Glasgow Warriors scrum-half Mike Blair has retired with immediate effect and will take up a new coaching role at the club next season.
The 35-year-old will remain with Scottish Rugby as an assistant coach at the Warriors.
Blair joined Glasgow this season and has made 12 appearances for the club and was voted Player of the Month in October.
The 85-capped former Scotland international has had an illustrious career, representing Edinburgh, Brive, Newcastle Falcons and the Warriors.
Blair enjoyed ten years with Edinburgh, playing his first professional game in 2001. Highlights included being runners-up in the Magners League in 2009 and reaching the semi-finals of the European Cup in 2012.
Scotland's most capped scrum-half captained his country on 14 occasions before retiring from international rugby at the start of 2013, aged 31.
He was named Scotland's Player of the Year in 2008 and was nominated for the IRB World Player of the Year that same season. He toured South Africa with the British and Irish Lions in 2009.
Blair, who is currently sidelined with concussion, made his last appearance for Glasgow Warriors in the win over Cardiff Blues at Scotstoun at the beginning of March.
Speaking to glasgowwarriors.org, Blair said: "It was always my intention to move into a coaching role and although there was an opportunity to play on next year, I believe now is the right time for me to make that change.
"I had originally planned to retire at the end of last season, but I'm glad Gregor (Townsend) persuaded me to play on at Glasgow. I've really enjoyed the season and it's a brilliant environment to be part of.
"With only a few games left this season, I have unfortunately run out of time to be able to regain my fitness before the end of this campaign.
"My recent spell on the sidelines has allowed me to start coaching earlier than expected, working with scrum-halves Henry Pyrgos, Grayson Hart and Ali Price, all of whom are currently playing very well. They have been a pleasure to work with and I look forward to working with them more as the season draws to a close and extending this role to the rest of the squad as we move into next season.
"I'm lucky to have had a long career and to have played with some amazing players and made life-long friends.
"I'll definitely miss the camaraderie on the pitch and in the changing room, but it's time to move on and a new challenge awaits."
Glasgow Warriors head coach Gregor Townsend added: "I was delighted when Mike agreed to come to Glasgow last summer.
"He exceeded our expectations on the field with some outstanding performances and would have been in the running for player of the season before picking up his recent injury.
"In my opinion he is one of Scotland's best ever rugby players and it was great to see him play in a Warriors jersey this season.
"It's disappointing that he's not able to finish his career on his own terms, but he can reflect on a brilliant career both at club and at international level.
"I didn't play with Mike too often but I do wind him up now and again about our first game together as a half-back pairing. It was against USA in the 2003 Rugby World Cup and I ended up getting a bad back picking up some of his passes…it was a wet night so I'll let him off!

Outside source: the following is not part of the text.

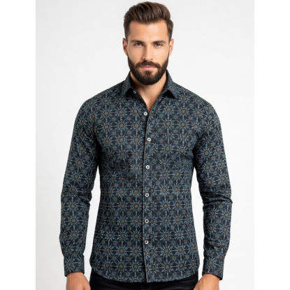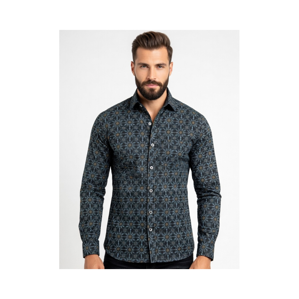 Camisa hombre manga larga SLIM con pinzas en la espalda,color negra con estampado de mandalas geométricas y estilo caleidoscópico,de algodón/elastán que le proporciona una suavidad,ajuste y comodidad.DISEÑADO Y FABRICADO EN ESPAÑA.
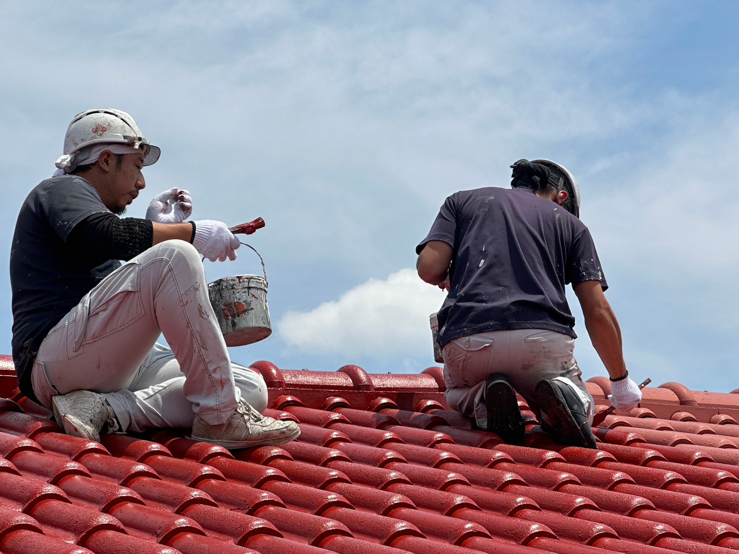 ちょうど休憩終わりで、屋根塗装の準備をしていました(^^)/

"He developed into a very skillful and intelligent player. He always looked to put others into space but also had a very good running game. He became more creative throughout his career in terms of manipulating defences and he was one of the best nines in the game at playing at a high tempo.

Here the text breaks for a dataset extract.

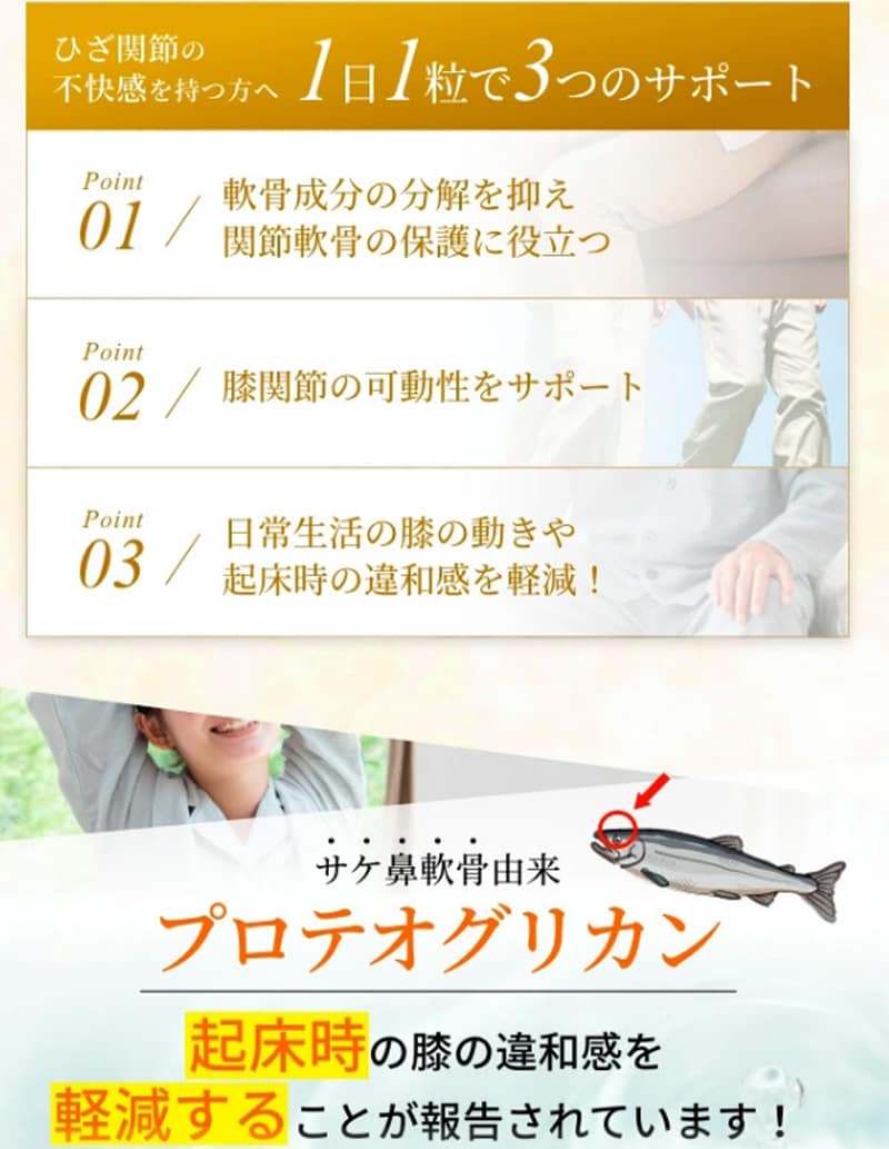 サケ鼻軟骨由来プロテオグリカンには、膝関節の不快感を持つ方の軟骨成分の分解を抑え、

"Mike's influence off the field has already had an impact at the club, as our three scrum-halves, Ali Price, Grayson Hart and Henry Pyrgos are all playing well and that is partly down to Mike's coaching and guidance.
"We're looking forward to him joining us in a full-time role as a coach next season. He's helped me with the analysis of opposition and he has some great ideas at improving our attack.
"He'll get lots of opportunities to develop as a coach here and he's excited about that. He'll join our coaching group as an assistant with a primary focus on attack and skills, as well as continuing his work as a scrum-half coach."